■ AVAILABLE DATA:
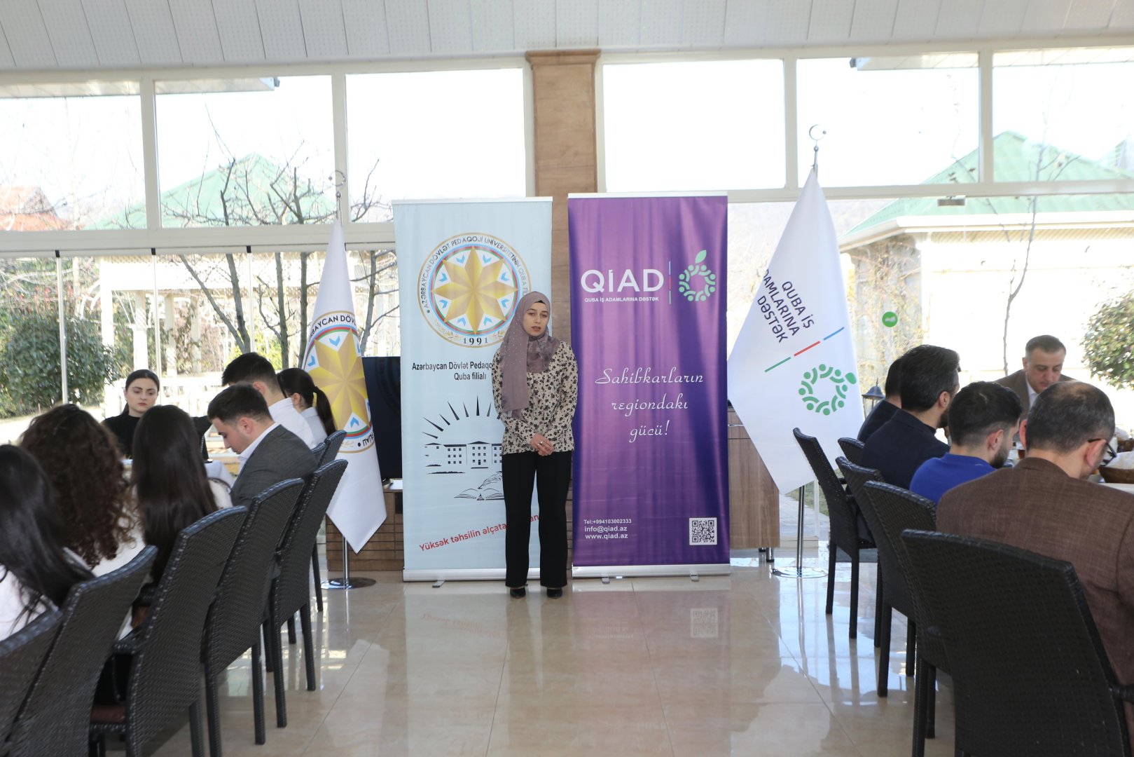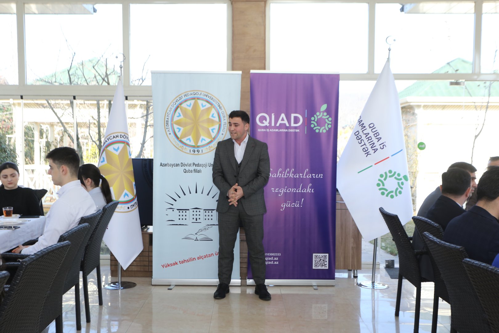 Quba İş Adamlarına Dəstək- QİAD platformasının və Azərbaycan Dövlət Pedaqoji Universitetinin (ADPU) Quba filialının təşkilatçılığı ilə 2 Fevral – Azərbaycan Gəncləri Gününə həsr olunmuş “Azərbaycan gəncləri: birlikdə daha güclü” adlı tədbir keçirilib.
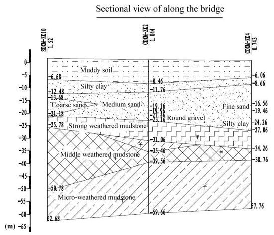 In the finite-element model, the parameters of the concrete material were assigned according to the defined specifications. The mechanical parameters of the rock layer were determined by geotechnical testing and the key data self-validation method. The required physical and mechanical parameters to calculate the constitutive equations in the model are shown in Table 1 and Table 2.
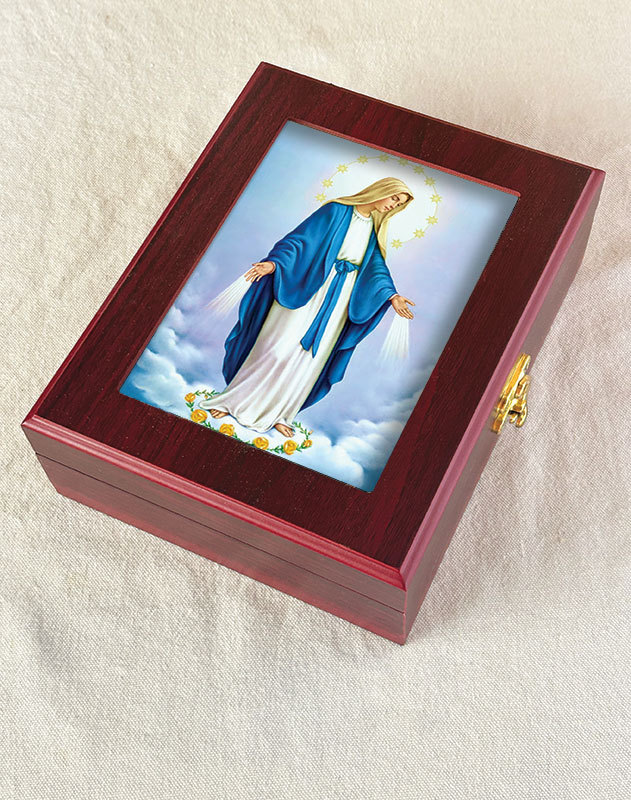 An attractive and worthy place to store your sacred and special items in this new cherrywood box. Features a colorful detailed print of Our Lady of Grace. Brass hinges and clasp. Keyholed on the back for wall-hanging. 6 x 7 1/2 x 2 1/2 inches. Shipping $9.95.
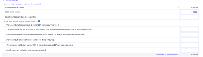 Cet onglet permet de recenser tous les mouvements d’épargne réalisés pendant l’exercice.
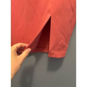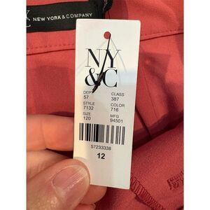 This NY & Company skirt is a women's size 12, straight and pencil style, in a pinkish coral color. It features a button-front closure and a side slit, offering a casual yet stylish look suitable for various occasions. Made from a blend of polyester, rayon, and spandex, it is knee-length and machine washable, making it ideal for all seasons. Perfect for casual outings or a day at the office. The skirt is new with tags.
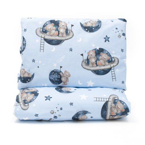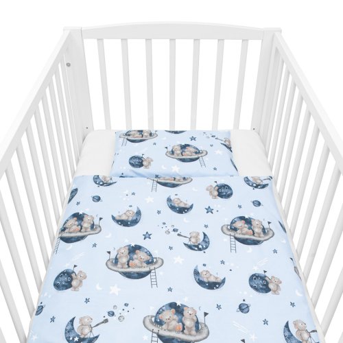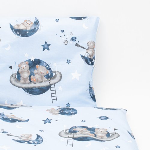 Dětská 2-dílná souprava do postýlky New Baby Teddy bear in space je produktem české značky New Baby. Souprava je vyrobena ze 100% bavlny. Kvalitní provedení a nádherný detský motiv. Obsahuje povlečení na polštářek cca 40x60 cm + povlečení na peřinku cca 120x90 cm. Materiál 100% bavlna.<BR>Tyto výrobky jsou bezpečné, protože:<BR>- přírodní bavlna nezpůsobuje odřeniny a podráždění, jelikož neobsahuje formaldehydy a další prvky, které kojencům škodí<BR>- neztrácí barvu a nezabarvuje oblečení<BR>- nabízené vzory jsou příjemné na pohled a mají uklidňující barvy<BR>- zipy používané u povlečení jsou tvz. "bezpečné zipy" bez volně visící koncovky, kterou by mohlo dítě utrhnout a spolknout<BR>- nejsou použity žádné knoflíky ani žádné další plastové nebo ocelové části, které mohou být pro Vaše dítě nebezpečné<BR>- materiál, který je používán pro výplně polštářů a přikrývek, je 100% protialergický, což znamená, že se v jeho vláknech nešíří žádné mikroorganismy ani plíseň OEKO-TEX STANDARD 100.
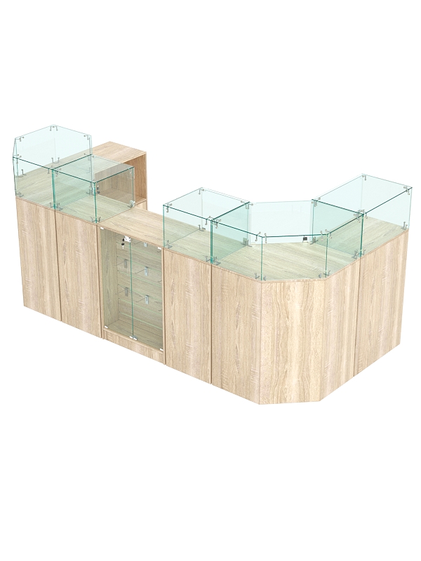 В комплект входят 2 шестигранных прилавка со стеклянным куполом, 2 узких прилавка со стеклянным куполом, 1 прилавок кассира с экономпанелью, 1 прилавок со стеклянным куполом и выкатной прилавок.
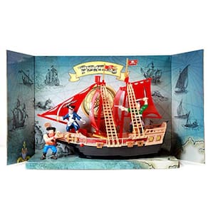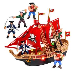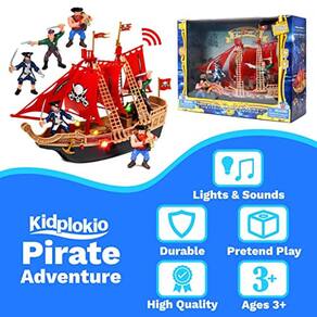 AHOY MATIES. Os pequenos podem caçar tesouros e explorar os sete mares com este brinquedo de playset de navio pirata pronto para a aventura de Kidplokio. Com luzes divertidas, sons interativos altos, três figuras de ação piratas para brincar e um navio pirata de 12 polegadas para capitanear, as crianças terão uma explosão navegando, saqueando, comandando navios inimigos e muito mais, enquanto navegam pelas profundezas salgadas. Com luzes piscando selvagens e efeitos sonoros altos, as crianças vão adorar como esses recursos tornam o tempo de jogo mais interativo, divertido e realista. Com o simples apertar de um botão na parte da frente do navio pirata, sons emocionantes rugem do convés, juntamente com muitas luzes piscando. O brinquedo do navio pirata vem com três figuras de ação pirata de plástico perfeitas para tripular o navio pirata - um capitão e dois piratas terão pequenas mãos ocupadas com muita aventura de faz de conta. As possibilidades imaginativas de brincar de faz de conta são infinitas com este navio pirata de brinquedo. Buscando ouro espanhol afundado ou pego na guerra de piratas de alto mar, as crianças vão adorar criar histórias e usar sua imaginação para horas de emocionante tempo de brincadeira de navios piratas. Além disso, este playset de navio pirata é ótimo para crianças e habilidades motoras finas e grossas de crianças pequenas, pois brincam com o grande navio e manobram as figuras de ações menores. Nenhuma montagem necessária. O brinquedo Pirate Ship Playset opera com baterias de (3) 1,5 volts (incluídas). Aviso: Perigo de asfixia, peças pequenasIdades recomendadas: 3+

■ TRY IT:
Retype all of the listing above exactly, but keep its pictures out.

■ SOLUTION TO THIS TASK:
 Quba İş Adamlarına Dəstək- QİAD platformasının və Azərbaycan Dövlət Pedaqoji Universitetinin (ADPU) Quba filialının təşkilatçılığı ilə 2 Fevral – Azərbaycan Gəncləri Gününə həsr olunmuş “Azərbaycan gəncləri: birlikdə daha güclü” adlı tədbir keçirilib.
 In the finite-element model, the parameters of the concrete material were assigned according to the defined specifications. The mechanical parameters of the rock layer were determined by geotechnical testing and the key data self-validation method. The required physical and mechanical parameters to calculate the constitutive equations in the model are shown in Table 1 and Table 2.
 An attractive and worthy place to store your sacred and special items in this new cherrywood box. Features a colorful detailed print of Our Lady of Grace. Brass hinges and clasp. Keyholed on the back for wall-hanging. 6 x 7 1/2 x 2 1/2 inches. Shipping $9.95.
 Cet onglet permet de recenser tous les mouvements d’épargne réalisés pendant l’exercice.
 This NY & Company skirt is a women's size 12, straight and pencil style, in a pinkish coral color. It features a button-front closure and a side slit, offering a casual yet stylish look suitable for various occasions. Made from a blend of polyester, rayon, and spandex, it is knee-length and machine washable, making it ideal for all seasons. Perfect for casual outings or a day at the office. The skirt is new with tags.
 Dětská 2-dílná souprava do postýlky New Baby Teddy bear in space je produktem české značky New Baby. Souprava je vyrobena ze 100% bavlny. Kvalitní provedení a nádherný detský motiv. Obsahuje povlečení na polštářek cca 40x60 cm + povlečení na peřinku cca 120x90 cm. Materiál 100% bavlna.<BR>Tyto výrobky jsou bezpečné, protože:<BR>- přírodní bavlna nezpůsobuje odřeniny a podráždění, jelikož neobsahuje formaldehydy a další prvky, které kojencům škodí<BR>- neztrácí barvu a nezabarvuje oblečení<BR>- nabízené vzory jsou příjemné na pohled a mají uklidňující barvy<BR>- zipy používané u povlečení jsou tvz. "bezpečné zipy" bez volně visící koncovky, kterou by mohlo dítě utrhnout a spolknout<BR>- nejsou použity žádné knoflíky ani žádné další plastové nebo ocelové části, které mohou být pro Vaše dítě nebezpečné<BR>- materiál, který je používán pro výplně polštářů a přikrývek, je 100% protialergický, což znamená, že se v jeho vláknech nešíří žádné mikroorganismy ani plíseň OEKO-TEX STANDARD 100.
 В комплект входят 2 шестигранных прилавка со стеклянным куполом, 2 узких прилавка со стеклянным куполом, 1 прилавок кассира с экономпанелью, 1 прилавок со стеклянным куполом и выкатной прилавок.
 AHOY MATIES. Os pequenos podem caçar tesouros e explorar os sete mares com este brinquedo de playset de navio pirata pronto para a aventura de Kidplokio. Com luzes divertidas, sons interativos altos, três figuras de ação piratas para brincar e um navio pirata de 12 polegadas para capitanear, as crianças terão uma explosão navegando, saqueando, comandando navios inimigos e muito mais, enquanto navegam pelas profundezas salgadas. Com luzes piscando selvagens e efeitos sonoros altos, as crianças vão adorar como esses recursos tornam o tempo de jogo mais interativo, divertido e realista. Com o simples apertar de um botão na parte da frente do navio pirata, sons emocionantes rugem do convés, juntamente com muitas luzes piscando. O brinquedo do navio pirata vem com três figuras de ação pirata de plástico perfeitas para tripular o navio pirata - um capitão e dois piratas terão pequenas mãos ocupadas com muita aventura de faz de conta. As possibilidades imaginativas de brincar de faz de conta são infinitas com este navio pirata de brinquedo. Buscando ouro espanhol afundado ou pego na guerra de piratas de alto mar, as crianças vão adorar criar histórias e usar sua imaginação para horas de emocionante tempo de brincadeira de navios piratas. Além disso, este playset de navio pirata é ótimo para crianças e habilidades motoras finas e grossas de crianças pequenas, pois brincam com o grande navio e manobram as figuras de ações menores. Nenhuma montagem necessária. O brinquedo Pirate Ship Playset opera com baterias de (3) 1,5 volts (incluídas). Aviso: Perigo de asfixia, peças pequenasIdades recomendadas: 3+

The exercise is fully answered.